The first time I saw the trailer for Aaron Sorkin’s new show Studio 60 on the Sunset Strip, I had misgivings. A TV drama about the behind-the-scenes world of a Saturday Night Live-type variety show? That’s a change of pace from The West Wing.
Except it’s not. In predicting the show’s demise, The Globe and Mail’s Andrew Ryan puts it better than I can:
But it’s too much Sorkin. Everyone on the show talks in great sweeping passages and the exchanges are peppered with cultural references steered toward the hipster demographic. Hey, that guy just said the Drudge Report! And exactly who is Sorkin trying to impress with mentions of Alger Hiss and Pericles?
Studio 60 has double the dialogue of any other network drama, and most of the speechifying takes place while two characters walk briskly through the soundstages of the faux TV show.
The overblown approach worked on The West Wing because Sorkin’s earnest characters really were trying to change the world. You could almost admire these people if they weren’t so fictional. What’s the worst-case scenario awaiting people on Studio 60? Someone flubs a line during the live broadcast? Life would go on.
I’ve enjoyed the show, but I know what he’s talking about. Aaron Sorkin is one of TV’s best writers, but the show’s tone doesn’t match the show’s stakes. It’s a Big Ideas show set at a television studio, and it’s not working.
Which is too bad, because I think Matthew Perry’s doing the best work of his career. I’ve also enjoyed seeing lots of Sarah Paulson and Amanda Peet (I mean to compliment their acting and not just their hotness).
It’ll be a bummer if it gets cancelled, if only because it’s hard to find smart stuff on television.
I disagree that it doesn’t work, but concede that it will probably get cancelled for the sake of catering to the lowest common denominator. Perhaps the stakes are no longer as big as creating national policy or staving off international conflict, but the sentiment is the same. Sorkin puts his characters in a popular system that is widely-known to be broken, but that no-one seems to want to fix. The speech by Studio 60’s executive producer Wes Mendell (played by Judd Hirsch) in the pilot episode struck a chord with me. I truly am tired of TV of the type that includes eating worms for money and “Who Wants to Screw My Sister?” I think it’s important that our entertainment isn’t lobotomized. It might not be as crucial as the day-to-day workings of government, but it’s still important enough that it makes for good TV.

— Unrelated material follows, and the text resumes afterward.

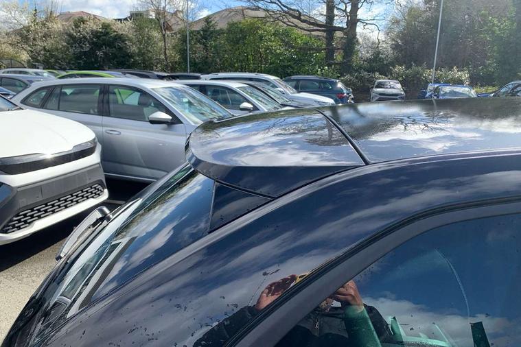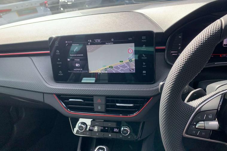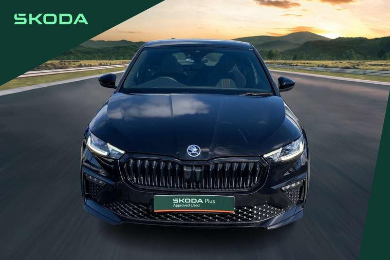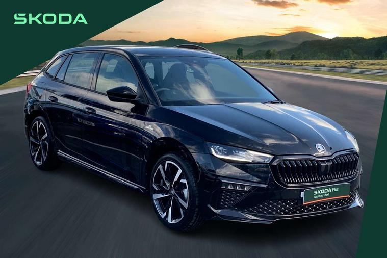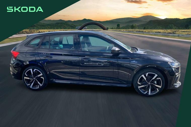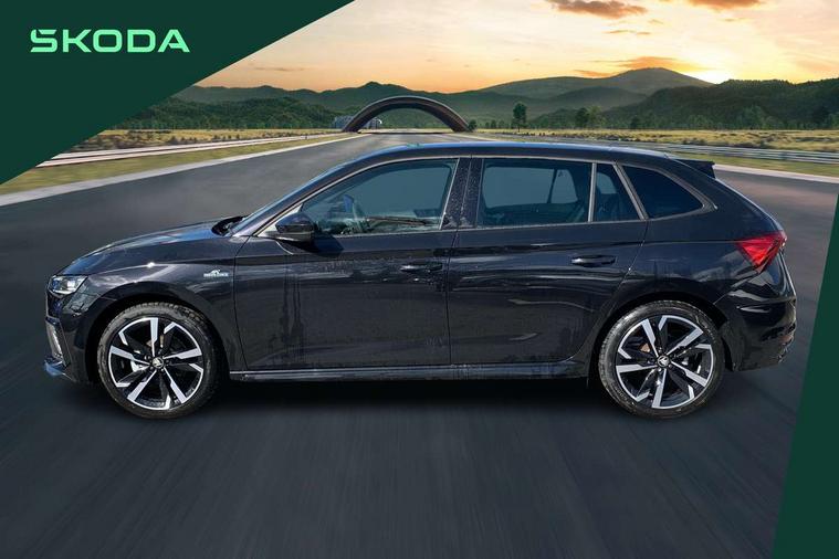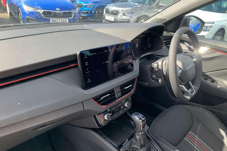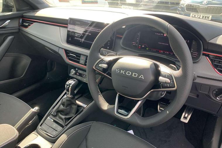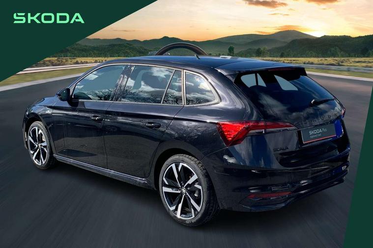 Advanced driver attention and drowsiness monitor, Bluetooth, e-Call (emergency call), Front assist system, PAS, Rear parking sensors, Rear view camera, Speed limiter, Tailgate, Traffic sign recognition, Virtual Cockpit - 10.25" digital display, Voice control system, Wireless smartlink, Drive mode select with Sport Chassis Control and ECO mode, 4 USB C ports, 8 Speakers, 9.2" Skoda navigation display, DAB radio, Auto dimming rear view mirror, Automatic headlight control with manual coming and leaving home feature, Automatic intermittent wipers, Black door mirrors, Black lettering on boot lid, Black radiator grille, Black rear diffuser, Black roof spoiler, Black window frames, Body colour bumpers, Body colour door handles, Extended tailgate glass, Front and rear electric windows, Heated rear window, LED 3rd brake light, LED daytime running lights, LED high beam, LED low beam, Light sensors, Monte carlo plaque, Panoramic glass roof, Privacy glass, Rear LED fog light, Rear side wing doors, Rear wiper, Tinted windows, Unique dark chrome design logo on alloy wheels, 12V socket in luggage compartment, 3 seat bench in 2nd row, Aluminium pedals, Ambient lighting in white/red, Black / White armrest stitching, Black roof headlining, Cargo elements, Chrome inner door handles, Door inserts in art.leather carbon, Driver and passenger sun visors with vanity mirror, Dual zone climate control, Front and rear roof lights, Front centre armrest, Front head restraints, Height adjustable driver seat, Height adjustable passenger seat, Ice scraper, Illuminated glove compartment, Inner circulation control with pollen filter, ISOFIX for front passenger seat, Isofix preparation for back seats, Leather gearknob and handbrake lever, Luggage net under rear parcel shelf, Manual lumbar support for front seats, Monte Carlo cloth upholstery, Net package and top tether hooks in boot space, Pocket on the back of both front seats, incl. mobile phone pockets, Rear centre armrest, Red hotstamping, Single front passenger seat, Skoda lettering on steering wheel, Sport seats, Textile floor mats, Third rear headrest, Ticket holder, Top tether for front passenger seat, Umbrella in driver's door, Light and view plus pack - Scala, 3x3 point rear seatbelts, ABS, Child locks, Curtain airbags and front side airbags, Disc brakes, Driver and front passenger airbags, ESP, Hill hold control, Manual leather parking brake, One tone horn, Passenger airbag switch off function, Seatbelt reminder for driver and front passenger, Tyre pressure monitoring system, Anti theft alarm system with interior monitoring, backup horn and towing protection, Anti-theft wheel bolts, Remote central locking with 2 remote folding keys, SAFE function for remote central locking, Carbon effect decorative inserts, 18" Ursa black diamond cut alloy wheels,

Ross – I am sitting at my desk, quietly supressing laughter to the point that my eyes are tearing up – ‘of the type that includes eating worms for money’
Jesus Christ that’s funny. I don’t remember if that’s what Hirsch said in that episode or just your paraphrase, but it is so sadly true.
Darren I totally agree with you. It does not help that Bradley Whitford is in there reinforcing the contrast.
It’s just a TV show, and when they screw up, life goes on. We need only watch SNL to realize how poorly a show can perform, yet still be around for years to come.
Studio 60 has struck me as an ill-suited cross between Sorkin’s “Sports Night” and “The West Wing”; and it comes off feeling lesser to both previous shows.
I want to like it (and in a way I do like it, for all the Sorkin-y goodness) but the concept behind the show is making me go “who really cares?” than involving me in the drama of these characters’ lives.
I’m sure that if it gets pulled, I’ll miss it when it’s gone.
I wanted to like the show…but I feel it tries to hard for what it is.
I keep feeling (especially last night) that he was really trying to prove to me how GREAT working for network tv is and with all the history of tv and all that it was like HE was comparing it to oh say, working at the White House.
I think the Acting IS great.
But they don’t have enough to work with…it is too ‘fake’…I don’t buy it.
I bought it with the West Wing…this is like some Disney version of network television.
Thank you, filmgoerjuan! I should have realized that Sports Night was from Sorkin’s pen. The series came and went far, far too quickly.
Interesting sidelight: my wife couldn’t stand WW but, though not a sports fan, would NOT miss a Sports Night episode.
I think that those who feel, like Ross, that the “stakes are not there” have nailed it. I had a previously inchoate unease about watching/missing the show. Now I know why I felt that way. Thanks, Ross, for putting it that way.
I give it a short run for that reason and several others. The biggest problem is that (and this is ironic given the show’s plotline) it’s a narrowcast more suited to even edgier writing that would be perfect for a niche cable channel. If the writing and plots go that way then they’ll lose the wasteland of the American audience — but they’ll create television that is brilliant and memorable. If the writing and plots don’t go that way then they’ll keep the middle America audience (white bread and all) — and they’ll create television that’s as memorable as … damn! what was the name of that show? you know, with the two guys … brothers? … and every week something happened.